In future work, we also plan to develop a surface EIM method in zebrafish. While needle EIM allowed us to acquire electrical impedance data from skeletal muscle without the influence of other tissues, the needle method is not amenable to longitudinal assessments in very small animals. However, EIM can be applied using noninvasive approaches i.e. surface EIM; using this method it also becomes possible to follow subjects longitudinally over time to monitor disease progression or evaluate response to therapy23,24. To accomplish this in zebrafish, we ideally will need to conduct impedance studies of the biophysical (i.e., resistive and capacitive) properties of the epidermis and scales themselves and their contribution to the overall measured signal.

This study has a number of important limitations. First, our study only included two age groups. Therefore, we do not know the precise age when the muscular defects develop nor the longitudinal trajectory in the development of gradual muscle changes through lifespan. Second, we used the minimum number of animals required to reproducibly detect differences between groups, guided by our prior EIM studies in mice in which we have used similar sample sizes65,66,67. We also used two complementary assays to validate our EIM findings: histology and swimming performance. In addition, we replicated our EIM findings in an independent cohort (Supplementary Material). However, it is possible that an increased sample size would detect additional subtler differences between groups; accordingly, to assess this, we doubled our sample size (Supplementary Figs. 4 and 7)  but found that doubling sample size did not detect additional EIM differences. Third, as skeletal muscle is highly structured, its anisotropy is very strong20. However, we did not attempt to capture that in this early work. It is likely the data gathered here represent some value intermediate to a true longitudinal measurement (current flowing parallel to the muscle fibers) and a true transverse measurement (current flowing perpendicular to the muscle fibers), given the orientation of fibers in the trunk region measured relative to placement of the electrode array. Fourth, we conducted studies in the caudal muscle; therefore, future studies are required to determine if there are muscle-region specific effects of aging in zebrafish.
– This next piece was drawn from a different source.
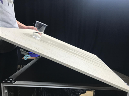 ②小編將裝有水的塑料杯子放在升華陶瓷仿古磚表面,并不斷增加坡度。

Establishing EIM in zebrafish in combination with identifying the bioelectrical abnormalities in a model of age-related sarcopenia, provides new opportunities to evaluate potential treatment approaches for muscle disorders. Our future studies include chemical screens in sarcopenic zebrafish, in addition to disease-specific genetic models that impact muscle health, including primary neuromuscular diseases. Specifically, we plan to leverage our platform to study amyotrophic lateral sclerosis using established genetic models in zebrafish68. In addition, the development of a surface probe and measurement techniques for zebrafish are currently in progress. This next-generation methodology will provide an opportunity to conduct repeated, spatiotemporal measurements on the same animal through lifespan and monitor the trajectory of disease development or therapy effect.

Impact statement

Establishing the application of electrical impedance myography to the zebrafish model merges the advantages of a fast, sensitive, high-content tool with the experimental tractability of zebrafish. This will enable chemical screening of candidate therapeutics for sarcopenia, for which there is currently no treatment. Finally, the bioelectrical properties identified in aged zebrafish may also serve as a biomarker for studies aimed at interrogating the pathomechanisms of neuromuscular disorders.